The desk was really in good shape and clean. The knobs were mismatched and there was some writing and scratch marks on the top, but other than that, it looked like a great DIY furniture project.  1.  I started by sanding the top and drawer fronts. 2. A light coating of MinWax (maple) was applied to the top and drawer fronts which I left it to dry while turning my attention to the chair.  

3.  Originally I though of sanding the seat of the chair and applying MinWax, but decided in the end to paint the entire chair a glossy black.  4.  Back to the desk, I painted the base, sides and drawer knobs black, kind of Hitchcock style.  5.  The final step was to apply a coat of polyurethane to the desktop to make it easier to keep clean.

Total cost for the project:  $7.00 plus paint, stain and brushes

Backyard Patio That Will Light Up Your Life

After removing an 18' above ground swimming pool, we were left with a rather unattractive, round sandy yet very level hole in our yard.  For a while we thought about putting in a hot tub, but never got around to it.  One day my husband came home with a carload of old 8"x 10" brick pavers that he'd found at a barn sale.  "They were free", he said, as he unloaded his latest find.  The pavers took up residence next to a pile of antique glass blocks that had been rescued while cleaning out the family homestead in Agawam. As I saw the building supplies lying next to each other, they spoke to me and the idea for a patio made perfect sense, the blocks being the inspiration I needed for our backyard patio project.
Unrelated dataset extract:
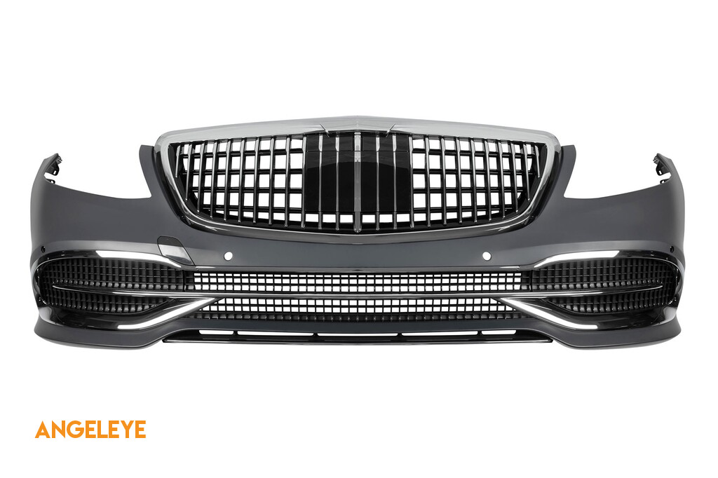 Bumper frontal tip Maybach, potrivit pentru domnii din clasa S W222 a gigantului auto german Mercedes. Aceasta nu este doar un alt bumper de tuning care pur și simplu aglomerează designul deja bine conturat al Mercedes-ului dumneavoastră. Elegant rafinat, cu linii agresive care subliniază esența primară a fiecărui automobil sport. Bumperul este fabricat din plastic ABS elastic, rezistent la impact și de înaltă calitate. Fiecare colț și deschidere a bumperului a fost procesat cu grijă pentru a evita margini ascuțite neplăcute, realizând astfel elementul perfect pentru o potrivire de 100%. Bumperul dispune de deschideri tăiate și aranjate cu precizie pentru sistemul de senzori de parcare al vehiculului dumneavoastră. Astfel, se minimizează intervențiile suplimentare din partea tehnicienilor.

Patio project with brick pavers and glass blocks

I should mention that neither of us is very handy and we often have difficulty finding the right tools, but this project seemed pretty fool-proof.  1. I started by laying down a roll of mesh screening to hopefully retard weed growth. 2. The next step was to place the pavers in an alternate pattern of two vertical, two horizontal.

When I took a look at the glass blocks, I realized they were two different styles which you can see in the picture above.  3. I selected one of each style and laid the blocks in random patterns throughout the area.  4. The next step was to fill in the spaces between the pavers with some pool sand left over from the former pool.  We didn't have enough, however, and had to buy two more bags. 5. A good spray with the garden hose helped to settle the sand as I used a push broom to spread the material evenly over the area.

6. Once the foundation of the patio was complete, I took some of my newly divided hostas and planted them around the edges.  I also added a few annuals and some mint which really smells good.  7. We topped the project off with these great antique wicker chairs and a wide plank piece of wood which made a perfect tabletop resting on an old sewing machine wrought iron base.

The entire project took a weekend and we've been enjoying our new outdoor space immensely.  At night, the glass blocks give off a soft glow, reminding us of their previous life in the family homestead.  We hope they like their new home.